An improved structure of a solar cell roof used to construct a roof of a building,
Installed on the top surface of the building and arranged at a distance from each other, connected to each other between two support portions and the two support portions, and closer to the top surface of the building than the two support portions An intermediate portion and two drainage portions, each drainage portion connected to one of the support portions away from the intermediate portion, and a drainage slot connected to the support portion; and the drainage slot A plurality of support modules connected to each other and including a partition having the same height as each of the support portions;
It is installed between two adjacent support modules, and both sides of the support modules are respectively engaged with one of the support portions of the two support modules, and adjacent to each other between the two support modules.
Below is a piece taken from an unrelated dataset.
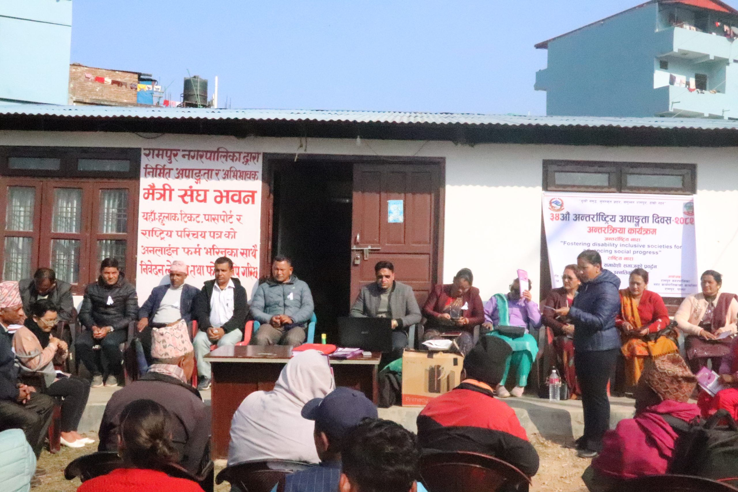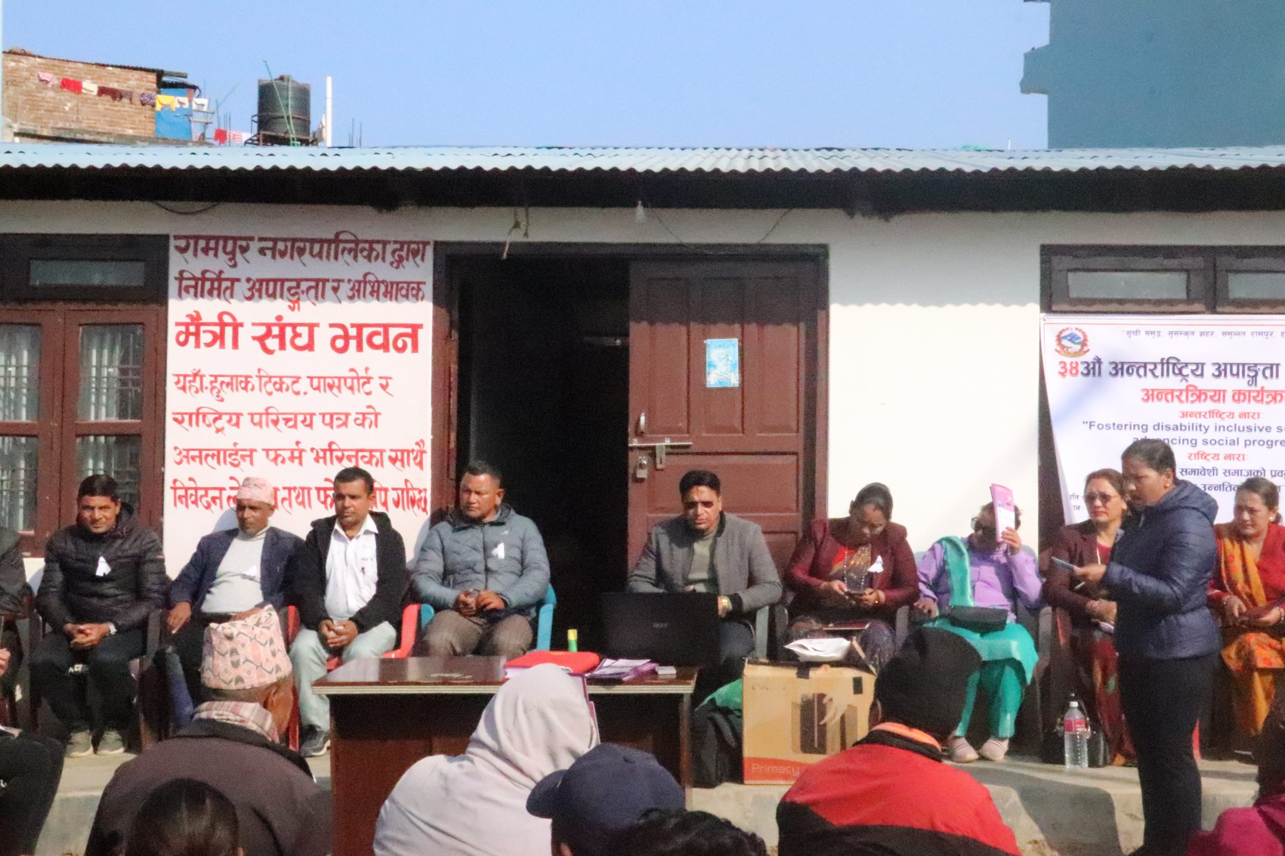 कार्यक्रममा रामपुर नगरपालिकाका प्रशासकीय अधिकृत युवराज पन्थीले अपाङ्गता भएका व्यक्तिहरुको हक अधिकारको सुनिश्चितता संगै संरक्षणका लागि सबैले ध्यान पुर्याउनु पर्नेमा जोड दिनुभयो ।साथै उहाँले अपाङ्गता भएका व्यक्तिहरुको हक अधिकार र कानुनी व्यवस्था सम्बन्धी विषयमा सहजिकरण गर्नु भएको थियो ।कार्यक्रमका अवसरमा श्रवण शक्ति कमजोर भएका १ जनालाई श्रवण सहायता सामग्री र ६ जना अपाङ्गता भएका व्यक्तिहरुलाई अपाङ्गता परिचयपत्र वितरण गरिएको छ । जसमध्ये एउटा रातो, २ वटा निलो र ३ वटा पहेँलो अपाङ्गता परिचय पत्र वितरण गरेको हो । रामपुर नगरपालिकाका उपप्रमुख बाल कुमारी थापाको अध्यक्षतामा भएको कार्यक्रमको सञ्चालन महिला तथा बालबालिका शाखा प्रमुख पुजा परियारले गर्नु भएको थियो । अपाङ्गता र अभिभावक मैत्री संघ रामपुरको भवन प्राङ्गण रामपुर बेझाँडमा भएको कार्यक्रममा नगर भित्रका फरक क्षमता भएका व्यक्तिहरुको सहभागिता रहेको थियो ।

A plurality of solar cell modules that form drainage paths for flowing rainwater together with the drainage slots and the partitions in the two drainage portions by covering the two drainage portions that match,
A plurality of sandwiching modules, each of which is installed in each of the plurality of support modules and sandwiches the two solar cell modules on both sides of the adjacent support modules, and corresponds to the intermediate portion of the support module. A fixed portion fixed on the intermediate portion, two extending portions respectively extending from both ends of the fixed portion to the top surface positions of the two solar cell modules, and two from each of the extending portions. A plurality of sandwiching modules each including two pressing portions that respectively extend along top surfaces of the two solar cell modules and press the solar cell modules ;
Each of the solar cell modules includes a plurality of photovoltaic cells that have a photoelectric conversion unit and an outer frame that is installed around the photoelectric conversion unit and that are installed in series.
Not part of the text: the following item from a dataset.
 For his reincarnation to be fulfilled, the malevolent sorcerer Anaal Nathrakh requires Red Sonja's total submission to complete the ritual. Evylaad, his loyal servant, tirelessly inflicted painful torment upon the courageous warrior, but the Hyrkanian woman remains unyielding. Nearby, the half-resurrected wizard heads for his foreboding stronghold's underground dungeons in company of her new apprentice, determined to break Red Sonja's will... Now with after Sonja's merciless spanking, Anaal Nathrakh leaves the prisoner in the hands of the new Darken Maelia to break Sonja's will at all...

Each of the outer frames includes a frame side surface that faces the sandwiching module after being assembled, and a water shielding portion that extends toward the building along the frame side surface. Improved structure. Each outer frame is provided with a protrusion on one side adjacent to the other photovoltaic cell, and the improved structure of the solar cell roof includes a plurality of insulators respectively installed between the two adjacent protrusions. The solar cell roof improvement structure according to claim 1 , further comprising a plurality of connecting members respectively covering the two adjacent projecting portions. Two adjacent solar cell modules form a holding space between them, each holding module is installed in series in the holding space, two adjacent holding modules leave a gap between them, 2. The improved structure of a solar cell roof according to claim 1 , wherein each gap corresponds to a space between two adjacent photovoltaic cells.   The improved structure of the solar cell roof further includes a plurality of beam frames installed between each of the support modules and the building, and each of the beam frames is installed on a guide rail and both ends of the guide rail, and Including two positioning members slidable on the guide rail and two contact plates respectively connected to the positioning members, the contact plates being opposed to each other in the improved structure of the solar cell roof The improved structure of a solar cell roof according to claim 1, wherein the two abutment modules are in contact with each other. The improved structure for a solar cell roof according to claim 4 , wherein each positioning member is a channel nut.   The improved structure of the solar cell roof further includes a plurality of pressure-bonding members that join the support module and the clamping module by penetrating and tightening the intermediate portions and the fixing portions, respectively. The improved structure of a solar cell roof according to claim 1.   Furthermore, each said support module includes the interruption | blocking part installed in the other of the said intermediate part facing the said clamping module, and the said intermediate part and the said interruption | blocking part are for guiding the flow of rain water between them The improved structure of the solar cell roof according to claim 1, wherein a guide path is formed.